Supplied data: Begin

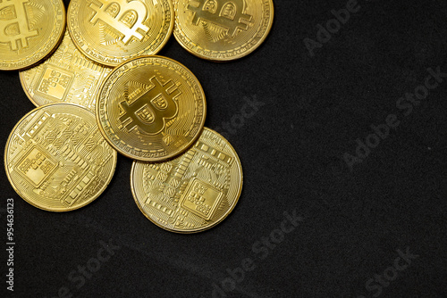 Bitcoin BTC Cryptocurrency Coins. Stock Market Concept
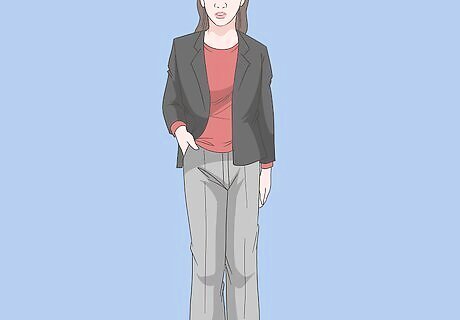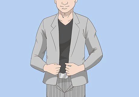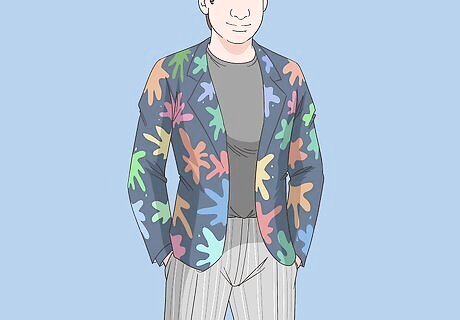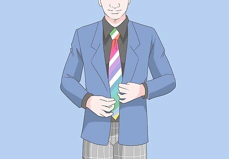 Pair a gray shirt with a colorful blazer that makes a statement. Letting your jacket take the lead is a bold move that'll make you look cool and confident. Choose a jacket that's a single color so it doesn’t look too busy. Wear a gray shirt underneath (close to one of the shades in the plaid) so the color of the blazer pops. Make sure your blazer fits well—the shoulder seams should draw a straight line up from your armpit. Any tightness or bunching at the shoulders means it's too big or too small. The sleeves should come down to just below your wrists.
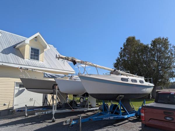 | C&C27 Mk-5, 1986, "Calypso".. Great boat with numerous recent upgrades. Genoa (new in 2024), mainsail in good condition, electronic instruments (wind, depth, speed), electronic autohelm, Yanmar diesel engine (serviced and ready to go), batteries (new in 2024), lifelines (new in 2025), head and sewage hoses (new in 2023), galley sink with electric water pump, cushions in great condition, LED cabin lights, propane BBQ, Folding cradle (new in 2024). Location: NSC. Price: $14,500 CAD. Additional Picture. Please contact Nick Blouin at 613-302-4582, Email: nick.blueone at gmail dot com. This item is also posted on . (25 Apr) | |
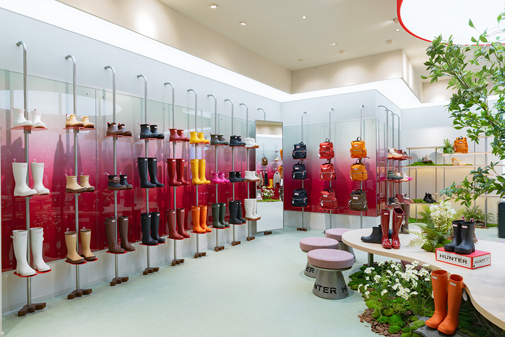 作为品牌展现生活方式理念的重要载体,该店汇集经典惠灵顿雨靴、猎鸭靴、雪地靴、功能背包及都市功能服饰全系列产品,致力于满足消费者从都市通勤到户外探索的多场景穿搭需求。每一处产品陈列区域皆采用结合自然置景的场景化布局,邀请顾客体验HUNTER所带来的可持续时尚与轻户外文化融合的全新风貌。
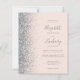 The left-hand edge of this elegant modern wedding invitation features a silver faux glitter border. The customisable text combines grey handwriting, copperplate and italic fonts on a blush pink background. Add additional details on the back, along with a QR code to help your guests visit your wedding website.
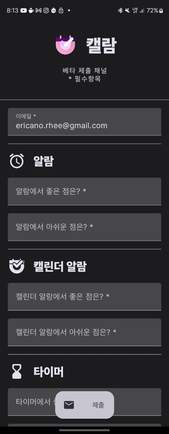 이건 구글 폼과 앱을 연결시켜 놓았는데, 앱 내에서 의견을 쉽게 제출할 수 있도록 한 것이다. 그래서 제출을 누르면 내 구글 폼으로 의견이 온다. 이것은 새로운 경험 겸 의견을 받기 위해 만든 것. 베타테스트 버전, 안드로이드 버전, 휴대폰 기종이 자동으로 전송된다.

Supplied data: End

Task requirements:
Write the entries out in full and exactly, omitting every picture.

Exercise solution:
 Bitcoin BTC Cryptocurrency Coins. Stock Market Concept
 Pair a gray shirt with a colorful blazer that makes a statement. Letting your jacket take the lead is a bold move that'll make you look cool and confident. Choose a jacket that's a single color so it doesn’t look too busy. Wear a gray shirt underneath (close to one of the shades in the plaid) so the color of the blazer pops. Make sure your blazer fits well—the shoulder seams should draw a straight line up from your armpit. Any tightness or bunching at the shoulders means it's too big or too small. The sleeves should come down to just below your wrists.
 | C&C27 Mk-5, 1986, "Calypso".. Great boat with numerous recent upgrades. Genoa (new in 2024), mainsail in good condition, electronic instruments (wind, depth, speed), electronic autohelm, Yanmar diesel engine (serviced and ready to go), batteries (new in 2024), lifelines (new in 2025), head and sewage hoses (new in 2023), galley sink with electric water pump, cushions in great condition, LED cabin lights, propane BBQ, Folding cradle (new in 2024). Location: NSC. Price: $14,500 CAD. Additional Picture. Please contact Nick Blouin at 613-302-4582, Email: nick.blueone at gmail dot com. This item is also posted on . (25 Apr) | |
 作为品牌展现生活方式理念的重要载体,该店汇集经典惠灵顿雨靴、猎鸭靴、雪地靴、功能背包及都市功能服饰全系列产品,致力于满足消费者从都市通勤到户外探索的多场景穿搭需求。每一处产品陈列区域皆采用结合自然置景的场景化布局,邀请顾客体验HUNTER所带来的可持续时尚与轻户外文化融合的全新风貌。
 The left-hand edge of this elegant modern wedding invitation features a silver faux glitter border. The customisable text combines grey handwriting, copperplate and italic fonts on a blush pink background. Add additional details on the back, along with a QR code to help your guests visit your wedding website.
 이건 구글 폼과 앱을 연결시켜 놓았는데, 앱 내에서 의견을 쉽게 제출할 수 있도록 한 것이다. 그래서 제출을 누르면 내 구글 폼으로 의견이 온다. 이것은 새로운 경험 겸 의견을 받기 위해 만든 것. 베타테스트 버전, 안드로이드 버전, 휴대폰 기종이 자동으로 전송된다.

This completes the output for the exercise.